Ulasanrakyat.com – Musi Rawas.
Ancaman kebakaran hutan dan lahan (Karhutla) kembali menjadi perhatian serius jajaran Kepolisian Resor Musi Rawas. Di tengah prediksi musim kemarau yang lebih panjang dan kering tahun ini, Kapolres Musi Rawas, AKBP Agung Adhitya Prananta, mengeluarkan peringatan keras kepada masyarakat agar tidak membuka maupun membersihkan lahan dengan cara membakar.
Peringatan tersebut disampaikan langsung Kapolres saat menggelar press release di Ruang Pesat Gatra Mapolres Musi Rawas, Jumat (05/06/2026) sekitar pukul 11.00 WIB, didampingi Wakapolres Kompol Azmi Halim Permana dan Kasat Reskrim AKP Redho.
Dalam keterangannya, Kapolres menegaskan bahwa tidak ada toleransi bagi siapa pun yang melakukan pembakaran hutan dan lahan, termasuk di lahan milik sendiri.
“Kembali saya ingatkan, jangan membakar apa pun saat membuka ataupun membersihkan areal perkebunan. Saya akan tindak tegas sesuai aturan hukum yang berlaku,” tegas AKBP Agung Adhitya Prananta.

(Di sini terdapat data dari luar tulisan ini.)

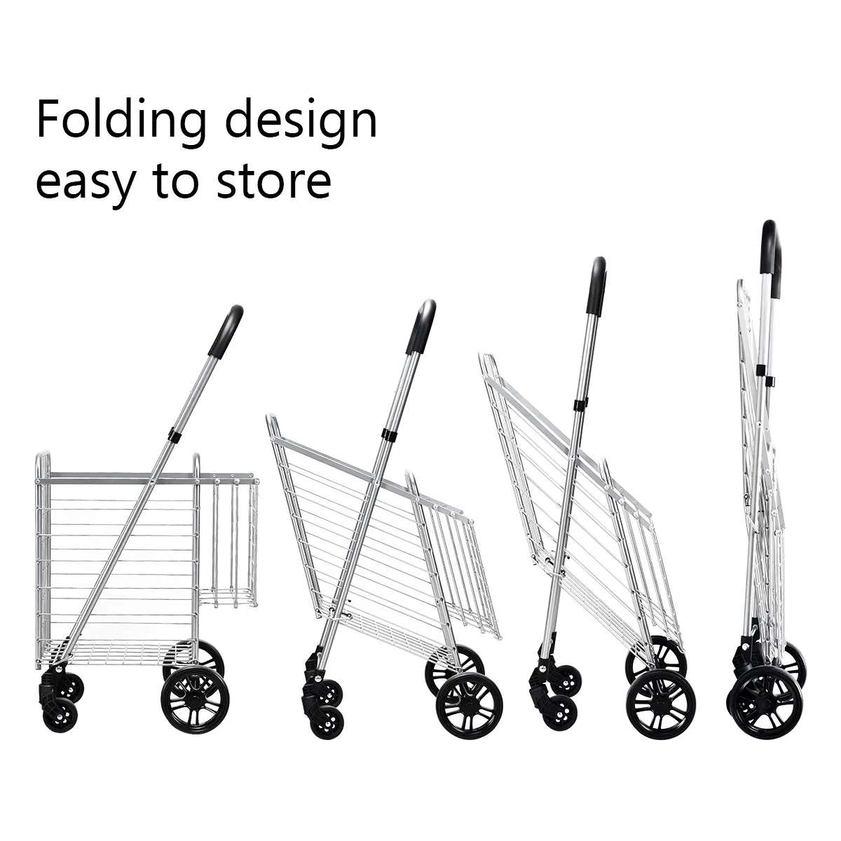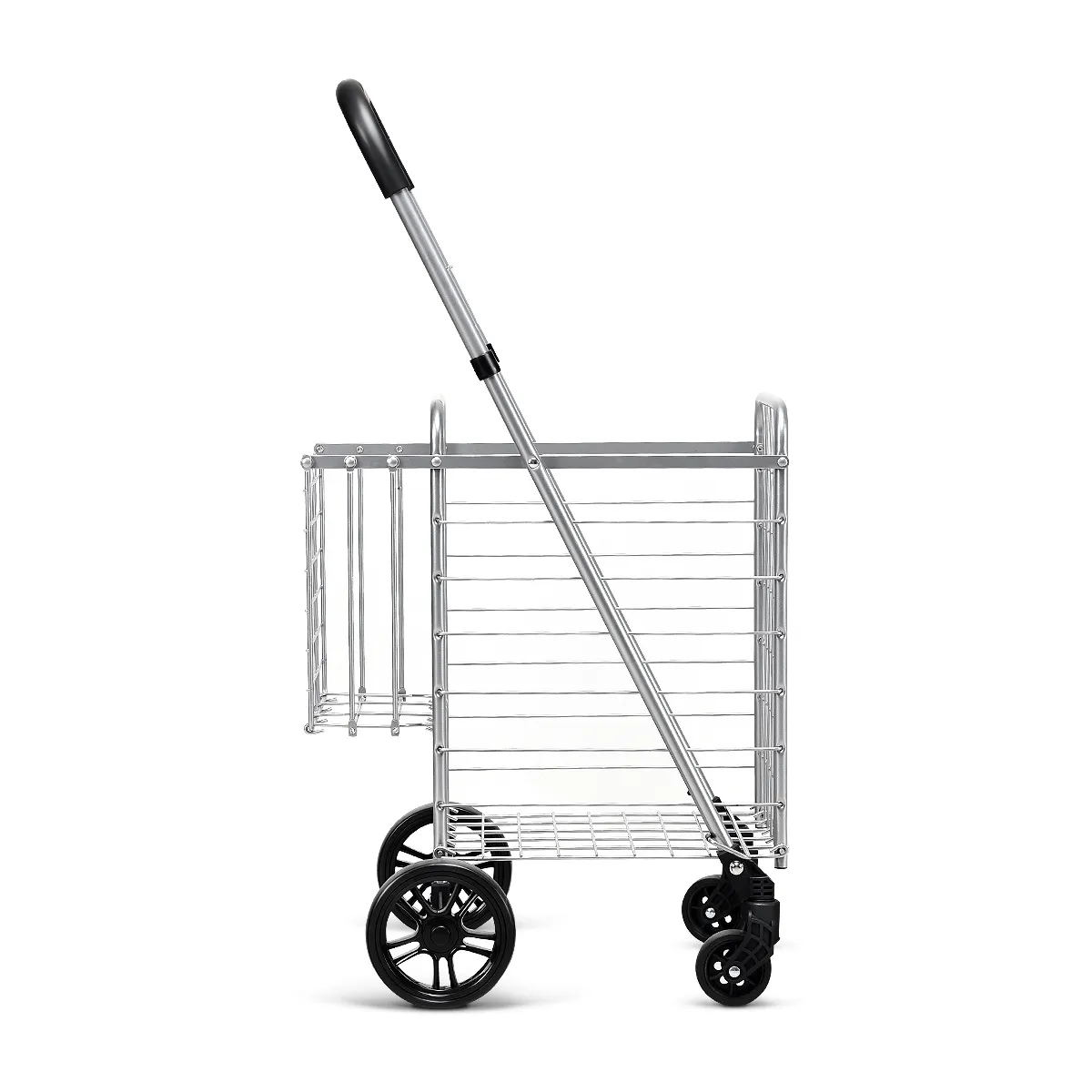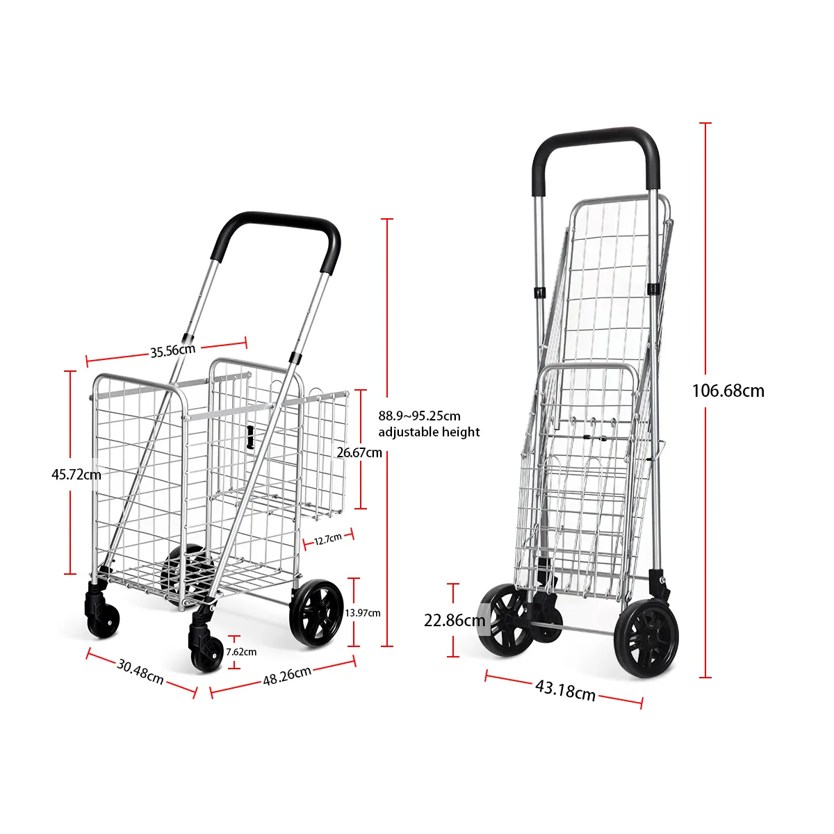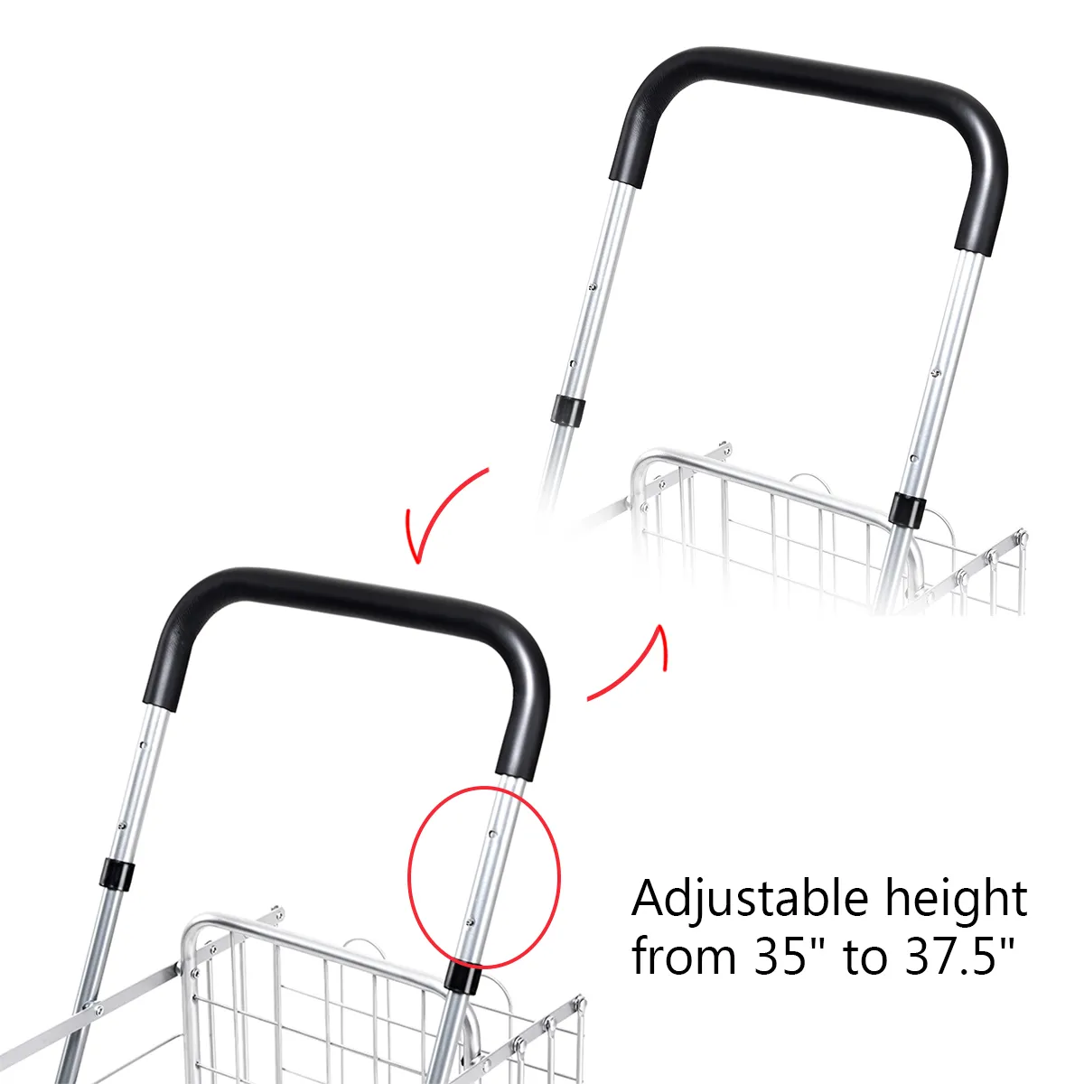 Dubbele mand: Deze winkelwagen bevat een basismand en een zijmand. En u kunt uw handtas, jas, paraplu en andere persoonlijke kleinere voorwerpen recht voor u houden, zodat u er gemakkelijk bij kunt en ze veilig kunt opbergen. Gebruik de tweede en grotere hoofdmand voor grotere, omvangrijkere lading.

Pernyataan tersebut bukan sekadar imbauan. Saat ini, Polres Musi Rawas telah mengamankan seorang pelaku pembakaran lahan beserta barang bukti yang digunakan dalam aksi tersebut. Penindakan ini menjadi bukti keseriusan aparat kepolisian dalam mencegah Karhutla yang berpotensi menimbulkan kerugian besar bagi masyarakat dan lingkungan.
Kapolres menjelaskan, praktik membakar lahan yang masih sering dilakukan sebagian masyarakat memiliki dampak yang sangat berbahaya. Selain mencemari udara akibat asap dan abu hasil pembakaran, api juga dapat dengan cepat menjalar ke area lain sehingga sulit dikendalikan.
“Asap yang ditimbulkan sangat mengganggu kesehatan masyarakat. Belum lagi jika api merambat ke wilayah lain, proses pemadaman menjadi jauh lebih sulit dan berisiko menimbulkan kerugian yang lebih besar,” ujarnya.
Lebih lanjut, Kapolres mengungkapkan bahwa berdasarkan informasi dari BMKG, musim kemarau tahun ini diprediksi lebih kering dan berlangsung lebih lama akibat fenomena El Nino. Kondisi tersebut meningkatkan potensi terjadinya kebakaran hutan dan lahan di berbagai wilayah, termasuk Kabupaten Musi Rawas.
Mengantisipasi hal tersebut, Kapolres telah menginstruksikan seluruh Kapolsek dan Bhabinkamtibmas di wilayah hukum Polres Musi Rawas untuk terus melakukan sosialisasi kepada masyarakat. Langkah pencegahan dilakukan melalui pemasangan spanduk, banner, serta penyampaian imbauan secara langsung kepada warga agar tidak menggunakan api saat membuka maupun membersihkan lahan perkebunan.
Menurutnya, upaya pencegahan Karhutla tidak bisa hanya dibebankan kepada aparat penegak hukum. Dibutuhkan keterlibatan seluruh elemen masyarakat, pemerintah, perusahaan, tokoh masyarakat, hingga organisasi kemasyarakatan untuk bersama-sama membangun kesadaran hukum dan kepedulian terhadap lingkungan.
“Penanganan Karhutla merupakan tugas kita bersama. Semua komponen pembangunan di Kabupaten Musi Rawas harus ikut memberikan edukasi dan penyadaran kepada masyarakat agar tidak lagi membakar hutan dan lahan,” katanya.
Kapolres berharap penangkapan pelaku pembakaran lahan yang telah dilakukan dapat menjadi pelajaran bagi masyarakat lainnya. Ia menegaskan bahwa tindakan membakar lahan bukan hanya melanggar hukum, tetapi juga mengancam keselamatan lingkungan, kesehatan masyarakat, serta keberlangsungan aktivitas ekonomi masyarakat yang terdampak oleh bencana asap.
Dengan musim kemarau yang mulai memasuki fase rawan, Polres Musi Rawas memastikan akan meningkatkan patroli, pengawasan, dan penegakan hukum terhadap setiap aktivitas yang berpotensi memicu kebakaran hutan dan lahan.
Pesan tegas Kapolres Musi Rawas pun jelas: jangan membuka atau membersihkan kebun dengan cara membakar. Selain berisiko menimbulkan bencana, pelakunya juga akan berhadapan dengan proses hukum tanpa pandang bulu.